Mark Jenkins, "To Timbuktu"

The software architecture of a system or a family of systems has one of the most significant impacts on the quality of an organization's enterprise architecture. While the design of software systems concentrates on satisfying the functional requirements for a system, the design of the software architecture for systems concentrates on the nonfunctional or quality requirements for systems. These quality requirements are concerns at the enterprise level. The better an organization specifies and characterizes the software architecture for its systems, the better it can characterize and manage its enterprise architecture. By explicitly defining the systems software architectures, an organization will be better able to reflect the priorities and trade-offs that are important to the organization in the software that it builds.

The software architecture of a system supports the most critical requirements for the system. For example, if a system must be accessible from a wireless device, or if the business rules for a system change on a daily basis, then these requirements drastically affect the software architecture for the system. It is necessary for an organization to characterize software architectures and the level of qualities that their systems support to fully understand the implications of these systems on the overall enterprise architecture.
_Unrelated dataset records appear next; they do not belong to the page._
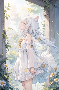 yellow theme,the setting sun,(((Chamomile))),Chamomile,cornflower,vines,forest,ruins,lens flare,hdr,Tyndall effect,damp,wet,1girl,bare shoulders,broken glass,broken wall,white hair,white dress,closed mouth,constel lation,flat color,braid,blinking,white robe,float,closed mouth,constel lation,flat color,looking up,standing,medium hair,standing,solo,((catgirl)),
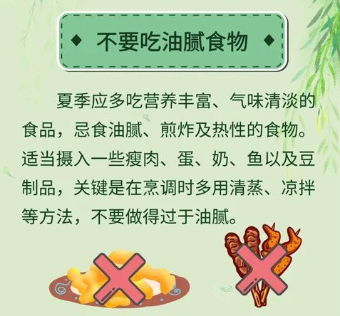 從飲食角度看,夏季飲食宜清淡,適當(dāng)多吃蔬菜、瘦肉和時(shí)令水果,少吃辛辣、肥甘厚味之品。尤其咱東北地區(qū)夏季是燒烤旺季,對(duì)于燒烤一要注意飲食衛(wèi)生,避免急性胃腸炎的發(fā)生;二要有所節(jié)制,避免過(guò)食肥甘而生內(nèi)熱,加之環(huán)境的暑熱,內(nèi)外相合而生百病。
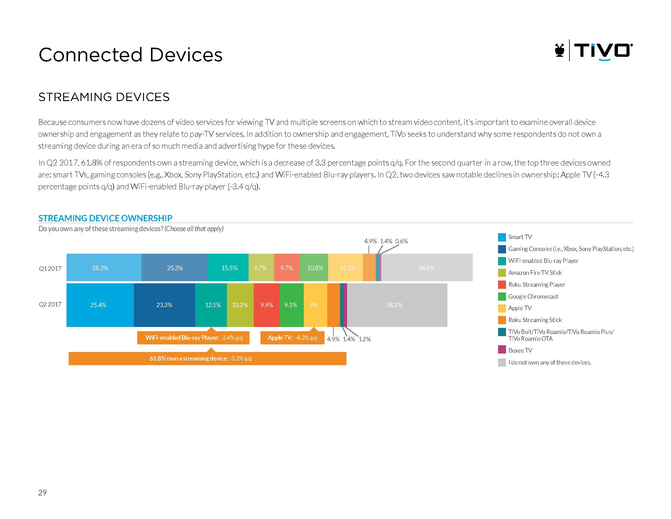 第二季度,61.8%的受访者拥有一部流媒体设备,最受欢迎的是智能电视、游戏主机和支持WiFi的蓝光播放器。

Since this book has a focus on agile methodologies, it is important to discuss the relationship between software architecture and agile methodologies. The recent push in software development toward agile methodologies, such as eXtreme Programming (XP) (Beck 1999), in some ways counters the belief in an explicit and formal definition of software architecture. Many agile methodologists assert that software design is the result of iterative refactoring of a system by developers until a sufficiently workable design emerges. However, in XP these iterative refactorings are done in a small, easily understandable, conceptual framework for the system called the system metaphor. The system metaphor is a simple shared story for how the system works. It consists of the core concepts, classes, patterns, and external metaphors that shape the system being built. The system metaphor plays the same role in the development of a system as conceptual software architecture. It provides a vision for the development of the software, and it is the goal that each system stakeholder must strive toward. A formal definition of the software architecture is more technical than the system metaphor, but both play the same role in providing a central concept for system development. The extent to which an organization needs to provide a formal technical description of the architectures of its systems depends on many factors. Clearly, it would not be cost-effective to formally define the software architecture for a small noncritical departmental software application, and it would be unacceptable to not formally define the software architecture of a highly available telecommunications software system. Each organization is different and has a different need for detailed software architecture. The agile principle of "If you don't need it, then don't do it" applies to software architecture as well as to all the other parts of an organization's enterprise architecture. For more on agile methods and architecture, see Chapter 9, Agile Enterprise Architecture.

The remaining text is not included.